I am working with a partner on a project. He has written a lot of code in Node.js+Express, but we've been running into issues with the architecture.
To remedy this, my primary role has been to figure out the best way to architect a Node.js+Express application. I've run into two scenarios, dealing with errors, and I'd like some suggestions.
First, how do I capture top-level exceptions? The last thing I want is for a bug to completely kill the node process. I want to continue serving users in the face of any error.
Secondly, some errors are passed back via callbacks (we're using caolan / async).
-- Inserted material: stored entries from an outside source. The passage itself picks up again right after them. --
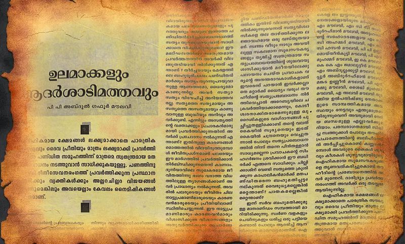 ചില്ലിക്കാശിന് വേണ്ടി സത്യത്തെ ക്രൂശിക്കുന്ന കാപാലികന്മാര്ക്ക് മതപണ്ഡിതരെന്ന ബഹുമതിപ്പട്ടം നല്കുന്നത് വൈരുധ്യമല്ലെങ്കില് മറ്റെന്താണ്? സര്വ ബഹുമതിക്കുള്ള മാനദണ്ഡം സമ്പത്തായി മാറിയിരിക്കുന്നു. സ്വര്ണവളകളും ചെയിനുകളും ധരിച്ച ഒരു പട്ടിയെ കണ്ടാല് പോലും ആദരിച്ച് ആനയിക്കുന്ന കാലഘട്ടമാണിത്.
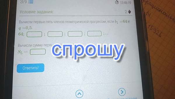 Вычисли первые пять чисел геометрической прогрессии, если b1 = 64и q = 0,5.
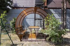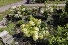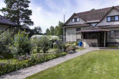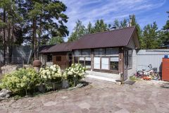 Тротуарные зоны выложены полимерной плиткой и плитняком, есть газоны, парковка для автомобилей. Множественные плодоносящие деревья и кустарники. Теплица. Украшением участка являются Вековые сосны, декоративные деревья и кустарники и клумбы с цветами.
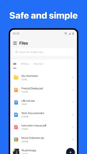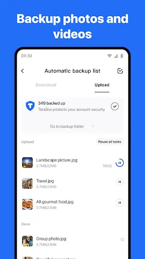 با نصب Terabox شما می توانید تمام فایل های مهم خود از جمله عکس ها، ویدئوها، موسیقی ها، اسناد و فایل های کاری را به صورت خودکار در فضای ابری امن ذخیره کنید. دیگر لازم نیست نگران از دست رفتن اطلاعات یا پر شدن حافظه گوشی باشید؛ چرا که تمام داده ها در فضای ابری تراباکس پشتیبان گیری می شوند و در هر لحظه و از هر دستگاهی قابل دسترسی هستند.
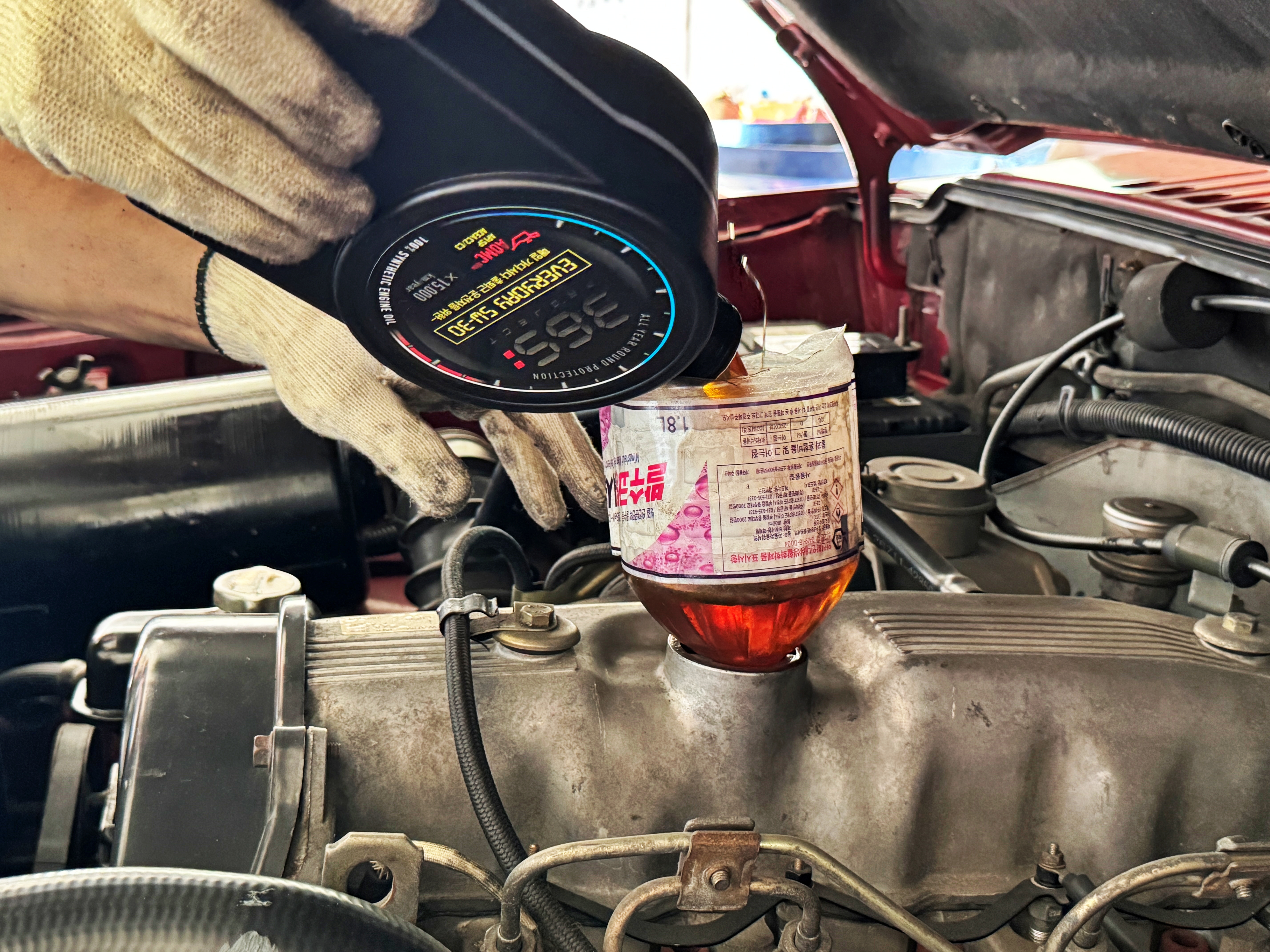 전에 서울 오일마켓에서 엔진오일을 교체한 이후 꽤 오래 놔뒀던 갤로퍼의 엔진오일을 교체해 줬습니다. 이번에도 엔진오일은 티코와 동일한 불스원 365 에브리데이 5W30. 티코에 주입하며 남은 물건이 좀 있어서 갤로퍼 역시 이 오일로 교체했습니다.
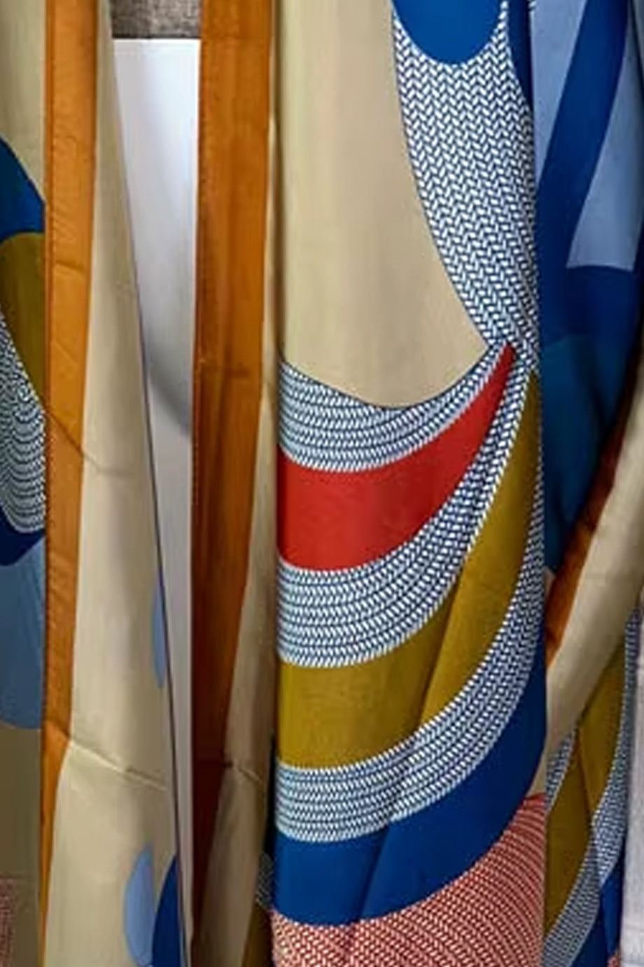 Wrap yourself in wearable art with the Kaleido Kimono. This statement piece features a bold and harmonious fusion of geometric patterns in vivid hues of blue, red, gold, and cream, bordered with a rich ochre trim. Made from a silky, flowing fabric, it drapes beautifully on any silhouette, offering both elegance and comfort. Ideal as a luxe layering piece - whether over swimwear, evening wear, or as an artistic loungewear statement. One Size.
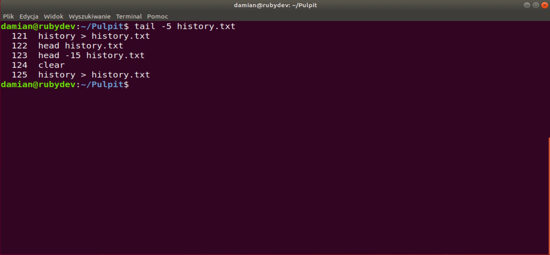 We will need a text file. Let’s use the already mentioned history command and the redirection > character.

As part of each route handler, either we render a view (GET), redirect to another route (POST) and we want to redirect to an error screen with a custom error message. How can I make sure to capture this logic in one place?
First, how do I capture top-level exceptions? The last thing I want is for a bug to completely kill the node process. I want to continue serving users in the face of any error.
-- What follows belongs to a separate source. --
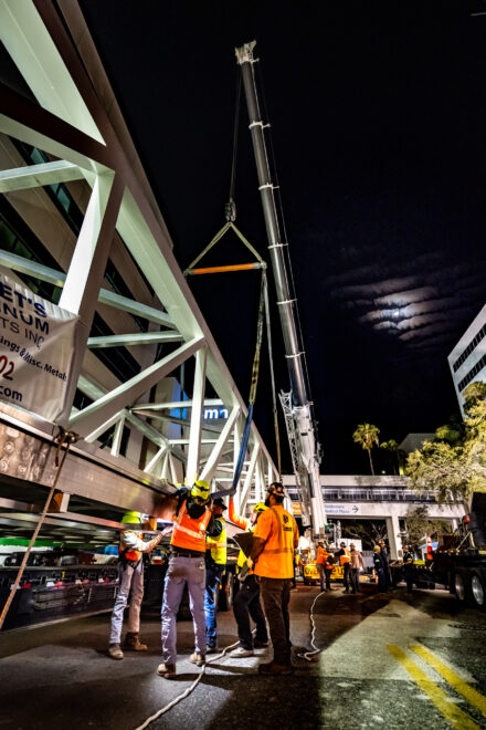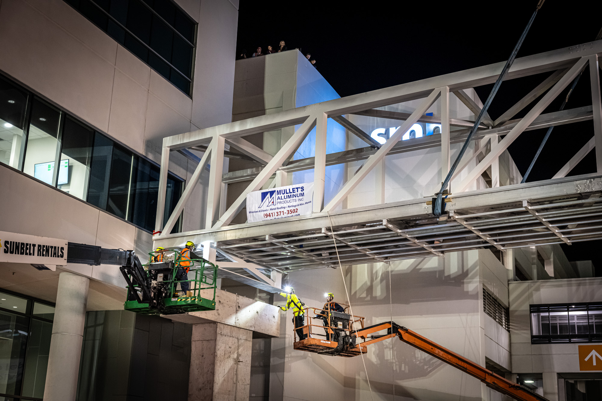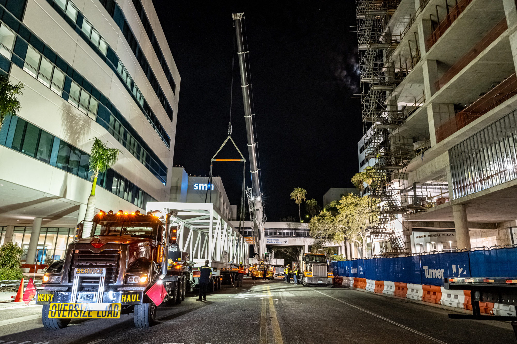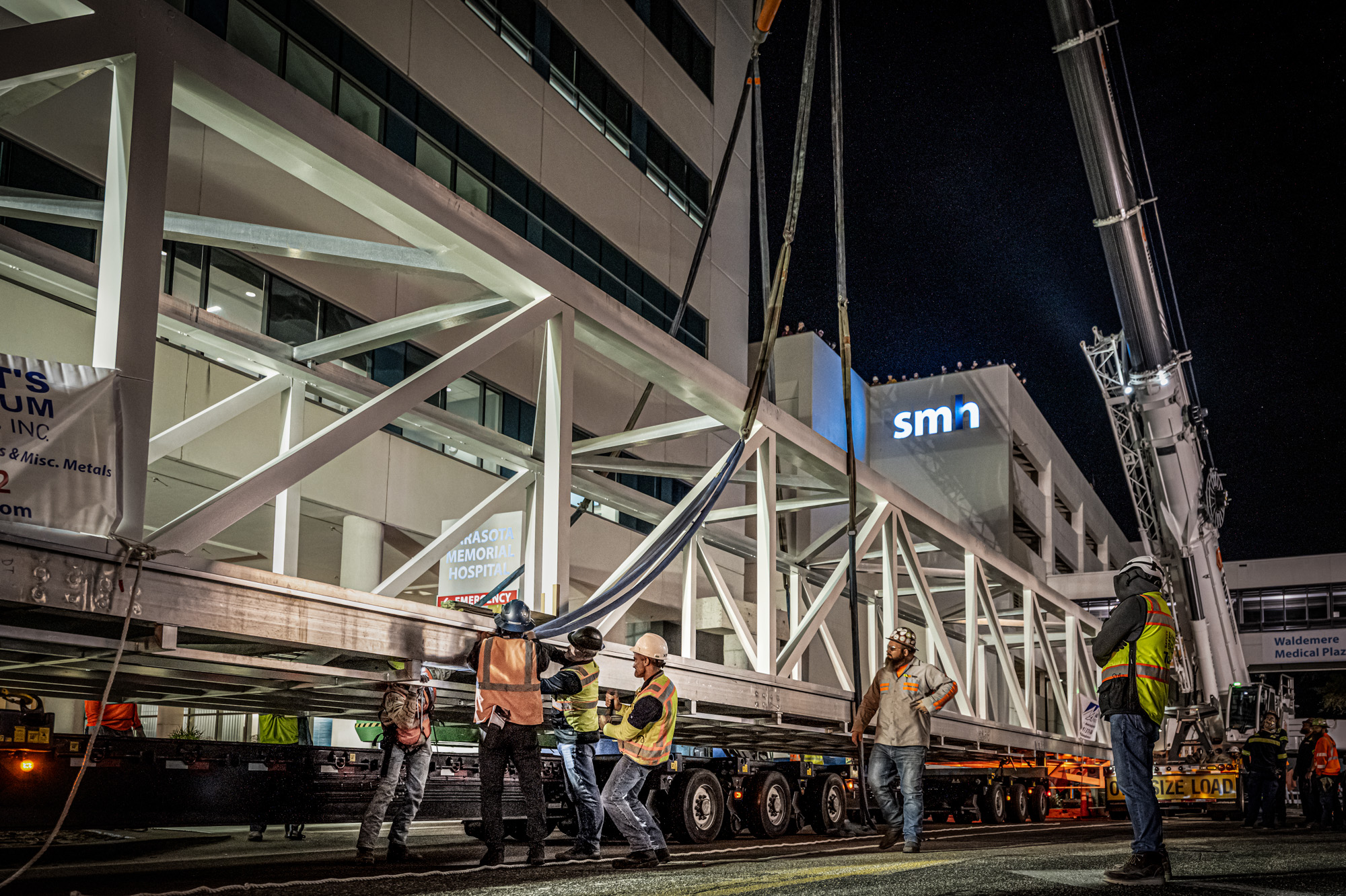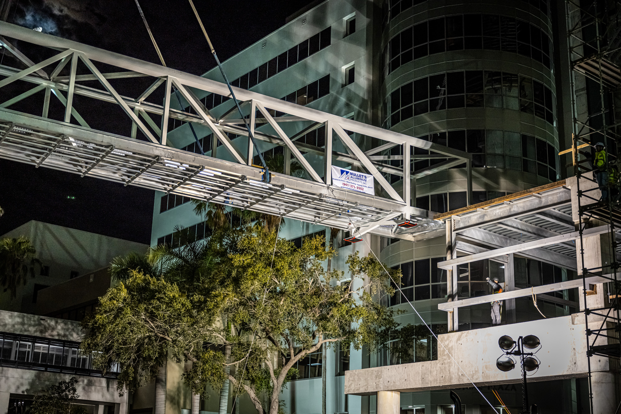 The aluminum skeleton of a massive 114′ pedestrian bridge is craned into place at Sarasota Memorial Hospital

Edit: I think node's philosophy in general is that any uncaught exceptions should kill the process, and that you should run your node app under some kind of process monitor with appropriate logging facilities. The following advice is regarding any other errors you might encounter in your express route handlers etc.
Express has a general errorHandler, which should capture all thrown errors as well as everything passed as a parameter to next in your routes/middlewares, and respond with 500 Internal Server Error.
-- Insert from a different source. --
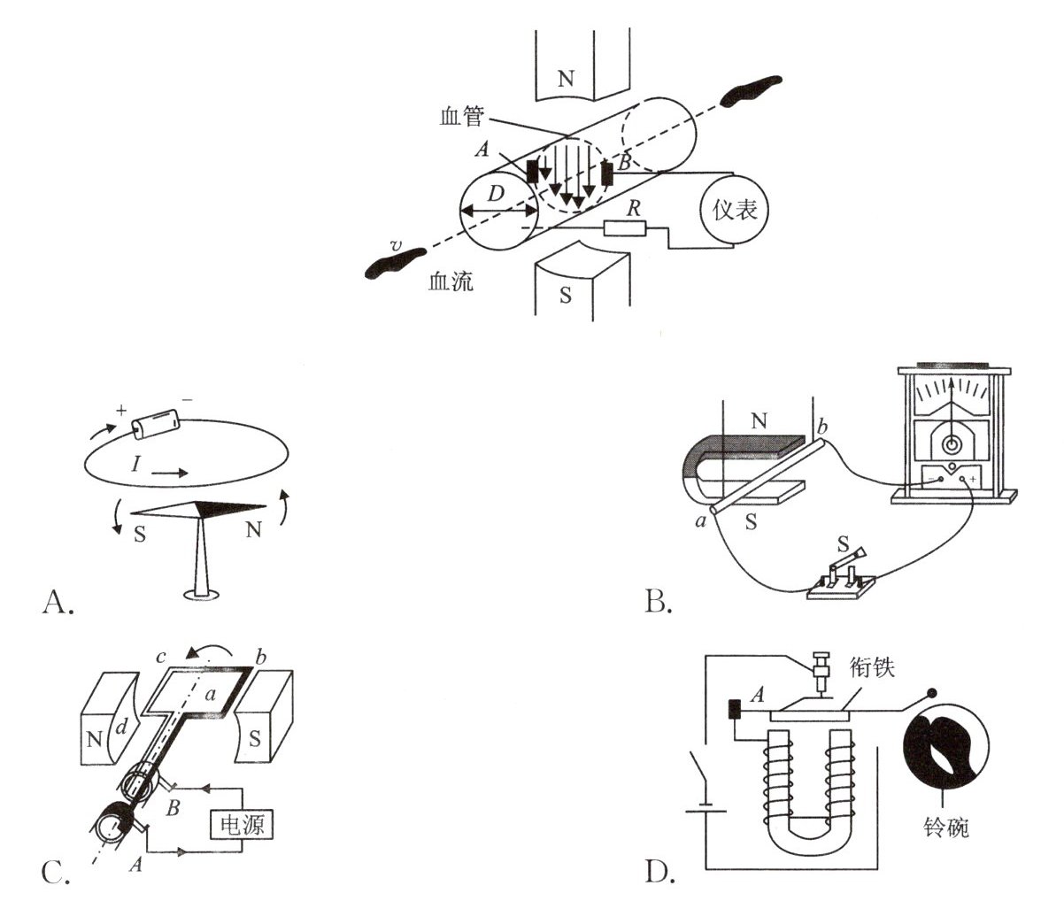 5. 如图,电磁血流计是利用电磁感应原理制成的,用来检测血流速度和血流量的仪器。下列选项所反映的原理与之相同的是(
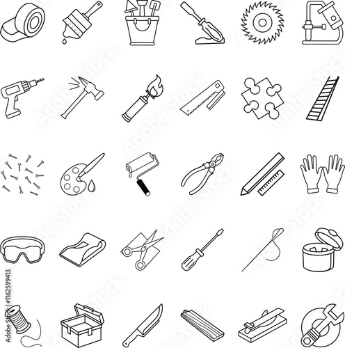 DIY Home Repair Tools Icons Construction, Renovation, and Crafts

Secondly, some errors are passed back via callbacks (we're using caolan / async). As part of each route handler, either we render a view (GET), redirect to another route (POST) and we want to redirect to an error screen with a custom error message. How can I make sure to capture this logic in one place?
You could create a custom handleError, which you call in each callback like so:
async.series(..., function(err, results) {
if(err)
return handleError(req, res, err);
// ...
});
Or you could just pass the errors on with next(err) and implement your custom error handler as described here: http://expressjs.com/guide/error-handling.html
Top level exceptions:
You can use the uncaughtException event from process, but it's generally not recommended.
Often applications will go into a corrupted state (eg. you have some state which typically gets set, but the exception caused that not to happen) when an exception is thrown. Then, it will just cause more and more errors from there on onwards.
A recommended approach is to use something like forever to automatically restart the app in case it crashes. This way you will have the application in a sane state even after a crash.
Error handling in express:
You can create a new Error instance and pass it to the next callback in the chain.
Eg.
express.get('/some/url', function(req, res, next) {
//something here
if(error) {
next(new Error('blah blah'));
}
});
To handle the error from here on onwards, you can set an error handler. See express docs on error handling
Checkout the excellent log-handling module Winston: https://github.com/flatiron/winston
It allows you to configure exception handling in a manner that will not only log it, but will allow the process to continue. And, since these would obviously be serious issues, you can even configure Winston to send out emails on specific event types (like exceptions).